Rights Threats Remain
To the editors:
When Christina S. N. Lewis writes that "the war against Communism is ended," (Opinion, "Have You Heard of Sophonie?", May 3) does she mean that we should no longer be concerned about the rights of people living under the world's remaining Communist dictatorships? Should the fact that the Soviet Union has vanished like a bad dream free our consciences of the burden of caring that in Cuba, for example, political dissidence is considered a criminal mental illness and children are regarded as property of the state?
Fidel Castro is not a threat to the interests of the United States. So what? His record on human rights is nothing short of abominable, as the United Nations Commission on Human Rights recently reaffirmed, and this is something that should concern us all.
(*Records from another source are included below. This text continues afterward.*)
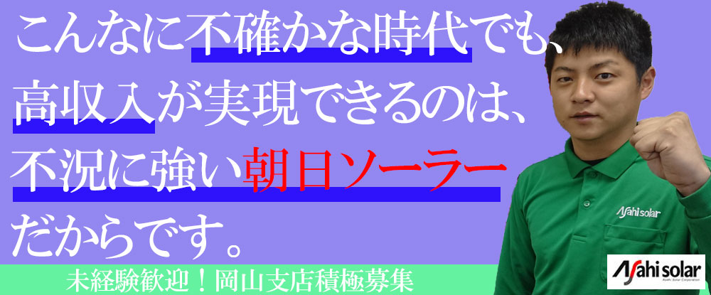 | 勤務地 | 中国エリア(岡山県・広島県)の各支店 ◎転居を伴う転勤なし/U・Iターン歓迎 |
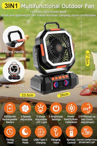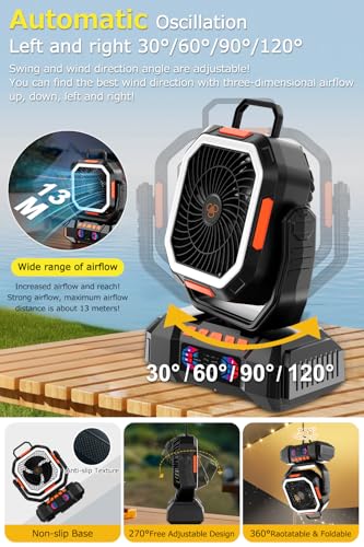 - Auto Oscillation and 270-Degree Rotation: This sleeping travel fan has an automatic shaking head function, providing four angles of 30°, 60°, 90°, and 120°. The fan head can also be adjusted up and down from 0° to 270°. Evenly distribute the cool air and provide a full range of cooling experience.A 360° rota-table and fold-able hook at the bottom for hanging the tent fan anywhere you want to.
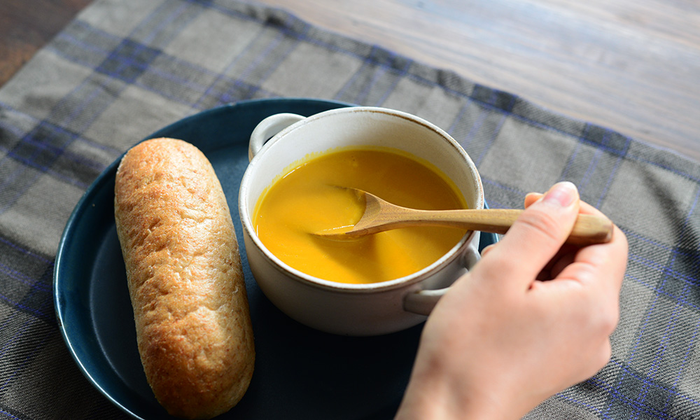 かぼちゃの自然な甘みがゆっくり広がり、味わいに深みが増して。ひと口ごとに身体が温まり、心がゆるやかにほどけていく。そんな安心感が、静かに広がります。
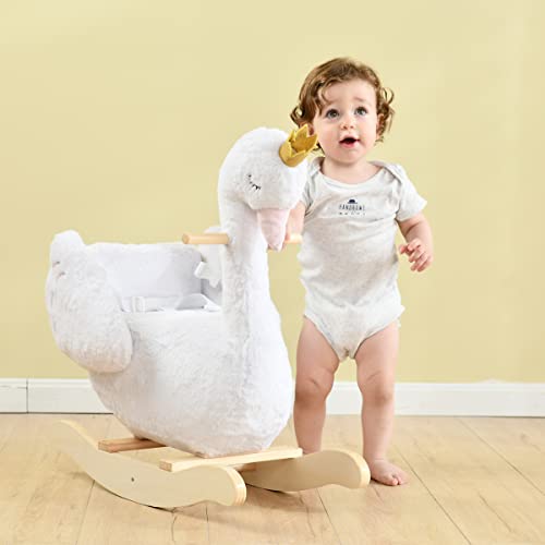 labebe Schaukeltier, Schaukelpferd, Schaukelspielzeug für Kleinkinder, weißer Holz-Schaukelstuhl

As should analogous abuses in China, Myanmar, Afghanistan and other countries.
Of course, I agree with Lewis that the economic and political situation in Haiti is deplorable (a situation not helped, incidentally, by the Clinton administration's ill-advised 1994 military intervention on the behalf of ousted president Jean-Bertrand Aristide). I do not believe that it is commensurate with the kind of stifling, Stalinist repression that Fidel Castro continues to wreak upon Cuba. All the same, it seems to me that if Lewis wants to raise awareness of the plight of Haitians, the way to do it is not to deny the plight of Cubans. And I agree that we should treat all refugees equally--all should be allowed to stay.